Data for this task:
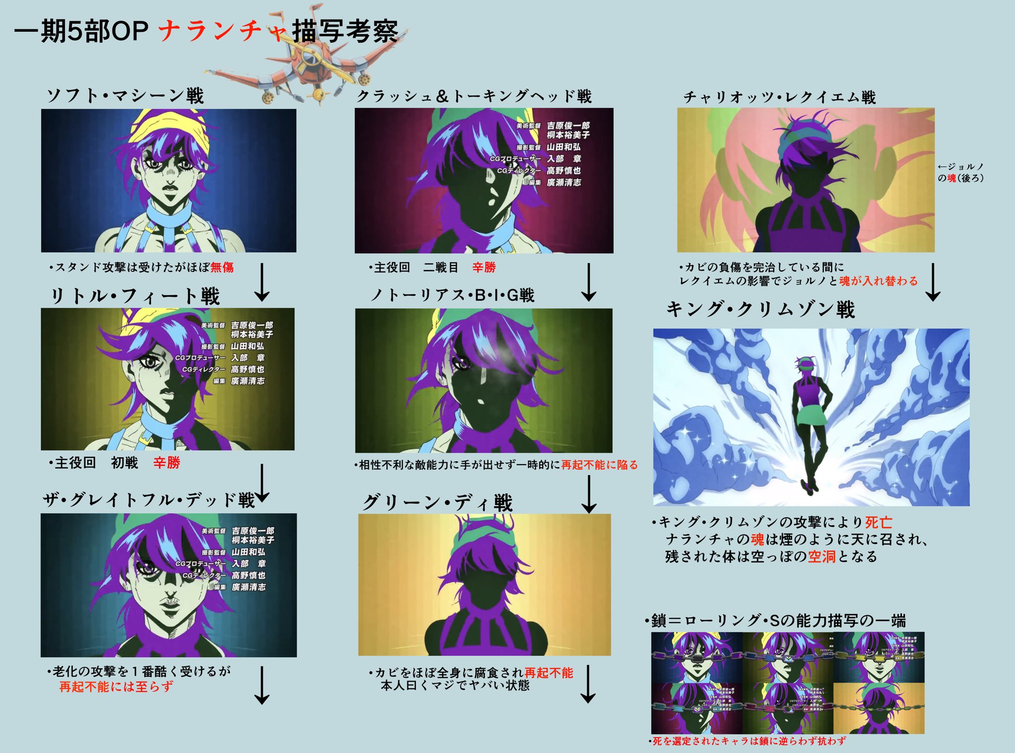 剣豪 1期opでのナランチャ描写考察まとめ 映像内の連続7カットは初登場から死亡までのナランチャの戦いの伝記で 影が濃くなるほど精神が不安定 生命の危機 最後の背を向けてるナランチャは既に空っぽの空洞で魂が煙のように抜け天に召される図
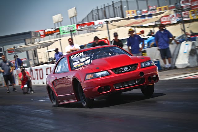 Now, twenty years after her diagnosis, Sandi and her husband John have embarked on their loftiest racing venture yet, entering the wild world of Xtreeme Drag Radial in the Pacific Street Car Association with their turbocharged Mustang that’s already run well into the seven-second zone. The Wolds’ 2000 Ford Mustang GT is a highly-engineered, purpose-built racing machine today, but like many race cars terrorizing the quarter mile, it’s beginnings are traced right back to the showroom floor.
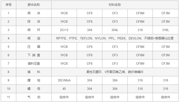 气动V型球阀零件材料:
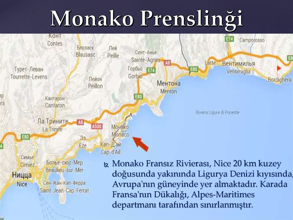 Monako Fransız Rivierası, Nice 20 km kuzeydoğusunda yakınında Ligurya Denizi kıyısında,
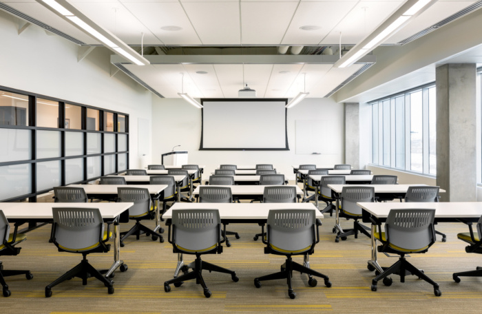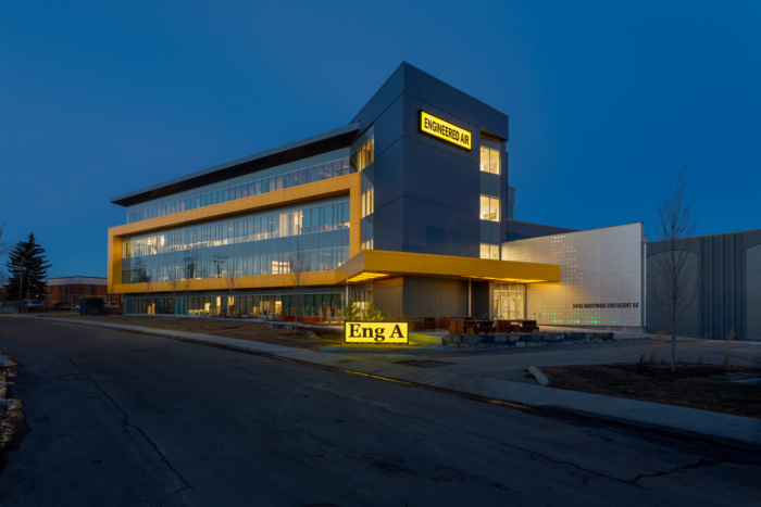 办公室采用现代设计,使用玻璃、拱肩和金属板材料。入口区域具有独特的几何形状,以提供遏制吸引力,并充当与街道平行的大型行人天篷并连接两个建筑物入口的媒介。#办公室设计装修公司#
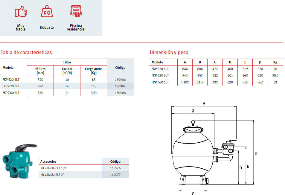 ESPA POOL SAND FILTER, MODEL FKP 520 6LT (SAND NOT INCLUDED) / 130906 - PFES0007
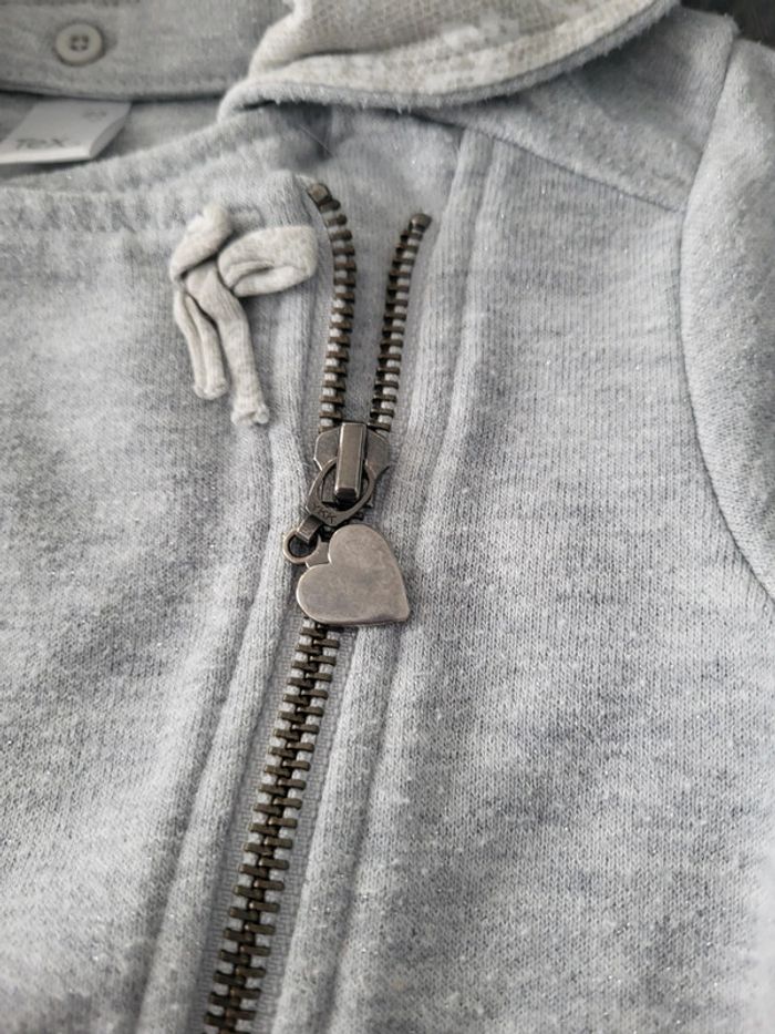 Veste à capuche grise légèrement pailleté fermeture par zip (zip avec un cœur au bout) capuche doublé grise à fleur,et qui se retirer
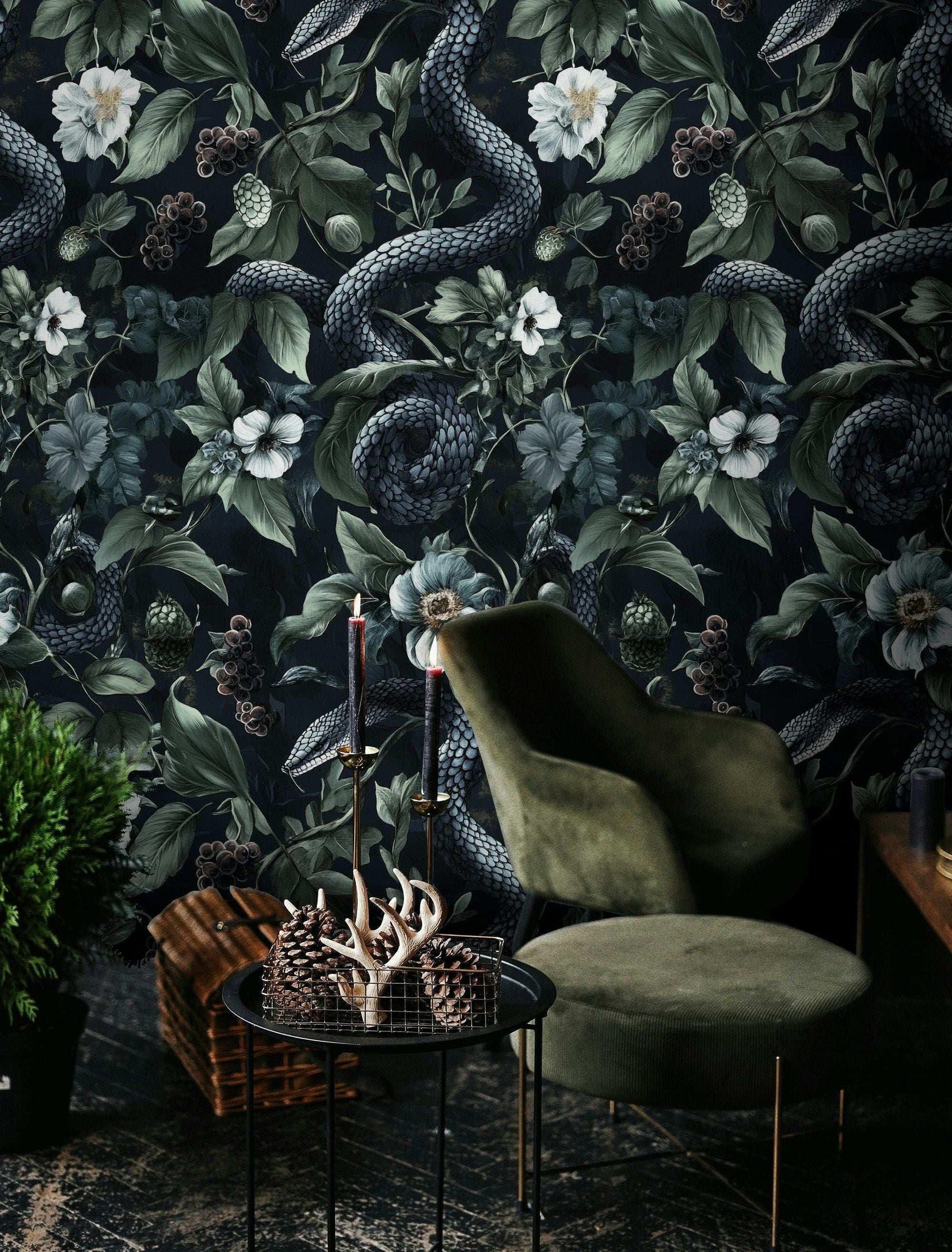Dark Botanical wallpaper Secret Garden at Night, Snakes and Flowers, Exotic Plants, Black background Wallpaper, Leather Look Wallpaper

What the exercise asks:
All lines from the line with "Veste à capuche" through the final line of the data, both included, are to be repeated exactly; no other lines and no pictures.

The answer:
 Veste à capuche grise légèrement pailleté fermeture par zip (zip avec un cœur au bout) capuche doublé grise à fleur,et qui se retirer
Dark Botanical wallpaper Secret Garden at Night, Snakes and Flowers, Exotic Plants, Black background Wallpaper, Leather Look Wallpaper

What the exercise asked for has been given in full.